The Brennan Center has conducted this analysis, concluding that at least $1.9 billion was spent on online ads in the 2024 election.
From the report:
Political advertisers spent $1.9 billion on online ads for the 2024 election on the four largest digital platforms (Meta, Google, Snap, and X) that publish analyzable spending data, according to a new analysis by the Brennan Center, OpenSecrets, and Wesleyan Media Project. Although this is the most complete accounting of online spending to influence the 2024 elections to date, it is an underestimate since no law requires platforms to publish information about political spending. Some platforms publish no data on this, and the voluntary disclosures of others are unstandardized and likely incomplete.
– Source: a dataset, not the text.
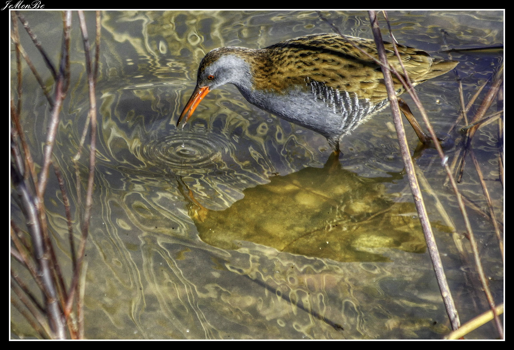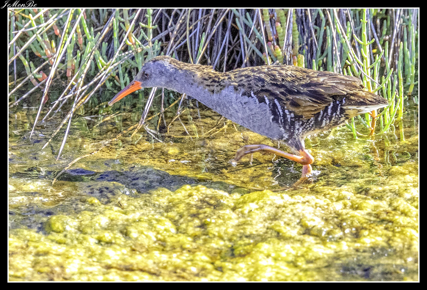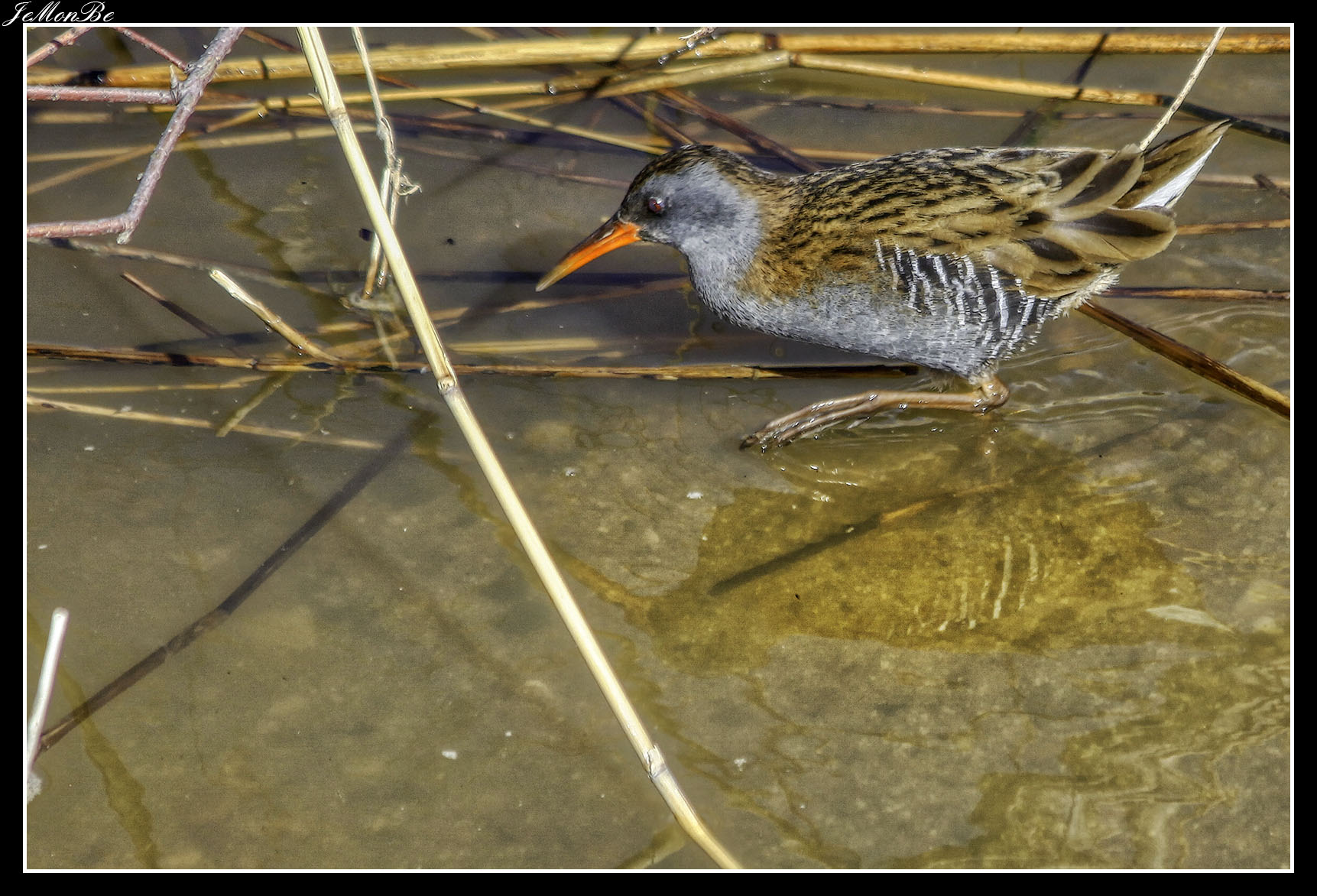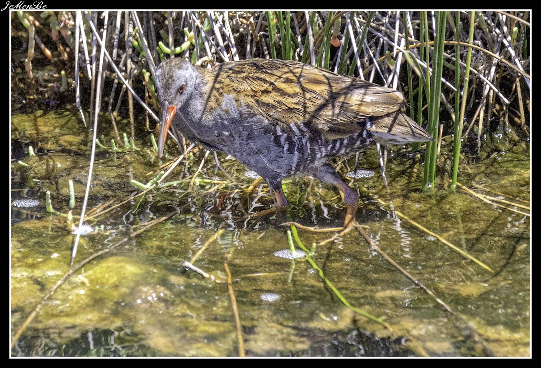 Rascón europeo (Rallus aquaticus). Ambos adultos resultan muy similares, las hembras algo menores y con el pico más corto, y en ellos el largo pico es de color rojo intenso la coloración de las regiones dorsales es pardo-olivácea con los centros de las plumas negruzcos, en tanto que la cara, la frente, el pecho y el vientre muestran una tonalidad gris-azulada oscura. Los flancos aparecen listados de blanco y negro, mientras que las infracoberteras caudales resaltan vivamente por su llamativo color blanco. Reacio a, cuando se eleva sobre el agua o la vegetación palustre, con aleteos rápidos y las patas colgantes, se desplaza únicamente trechos cortos.

Our new examination of political ad content in the general election period expands on our summer 2024 and postelection analyses of online ad spending, identifying significant differences in the strategies used by spenders. Parties and outside groups were much more likely than candidates to use negative ads, and their ads focused largely on persuading voters. Candidates’ advertising goals, by contrast, tended to be evenly split between persuading voters and fundraising.
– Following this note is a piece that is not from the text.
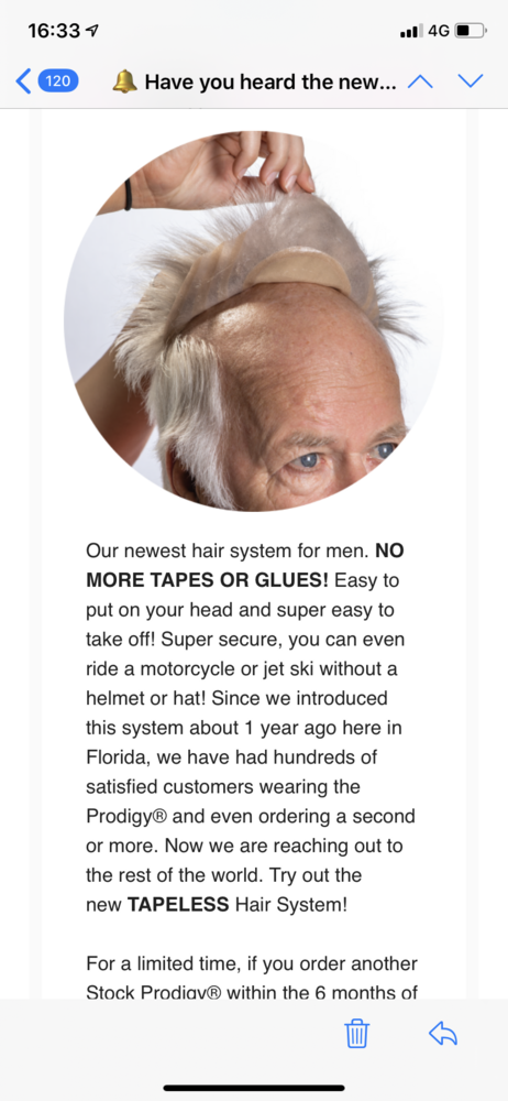 To me it seems clever but a bit gimmicky - fixing a problem that doesn't really exist, for me at least. Also, I would be a bit nervous about wearing a piece that was just attached by suction. It won't blow off, but if someone grabbed it the right way it would peel right off. But I guess if you are allergic to glue and tape, you want a high density look with a covered hairline, and you have money to spend, it might be worth investigating. The guy I talked to was planning to switch to a conventional lace hairpiece.

Some ELB readers might find this part of the report of particular interest:
There were partisan differences, too: While both sides of the aisle spent on efforts to persuade voters, spending in favor of Democrats was more likely to have fundraising as a goal, and spending in favor of Republicans was more likely to include get-out-the-vote efforts. Additionally, pro-Democratic spenders put a somewhat greater portion of ad money toward contrasting their party’s candidates with their opponents compared with pro-Republican spenders, who spent more on simply promoting their own candidates.